Arvin followed him down the corridor. The farther along it they went, the hotter and drier-and muskier-the air became. Arvin couldn’t imagine having to spend his whole life working in this snake-stink. It was already making his temples pound. “Here,” he said, fishing a silver piece out of a pocket and holding it out to the boy. “Keep this somewhere safe, where the others won’t find it. Maybe you’ll have enough to buy your freedom, one day.”

The boy eyed the coin in Arvin’s hand suspiciously.

“Nothing is expected of you,” Arvin reassured him. “It’s just a gift.”

The boy plucked the coin from Arvin’s hand and tucked it into his own pocket then grinned. As they reached a point where sunlight flooded into the corridor from the large room beyond, he dropped to his knees, tugging on Arvin’s shirt as he did so. “We’re not allowed to stand,” he whispered.

Arvin wasn’t sure if this rule applied to free men, but he complied. Dropping into a kneel, he followed the boy into the main room of the Solarium, trouser knees scuffing against the floor.

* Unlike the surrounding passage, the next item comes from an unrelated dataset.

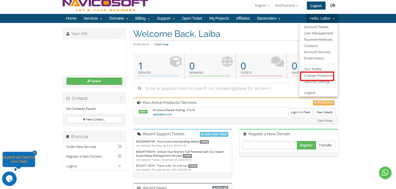 In order to change clientarea password, first you will need to login to clientarea. If you do not know how to log in then refer to these instructions. Once you are logged in perform the following steps:

The sunning room of the Solarium was even larger than he’d imagined. The enormous circular chamber, capped by its high dome of glass, was bathed in hot, bright sunlight. Perhaps a hundred or more yuan-ti lounged on a series of low stone platforms on the floor, while snakes of every color and size-either more yuan-ti or their pets-hung from the delicate framework of wooden arches that connected one platform to the next. Some of the yuan-ti could pass for human at a distance while others had obvious serpent tails, heads, or torsos. They lay naked in the bright sunlight, men and women together, in some cases coiled in what Arvin would have assumed were sexual unions were it not for the slow, sleepy languor that pervaded the place. Human slaves-most of them young children-moved between the platforms on their knees, offering the yuan-ti sips of blood-tinged water or thumb-sized locusts, impaled on skewers and still twitching.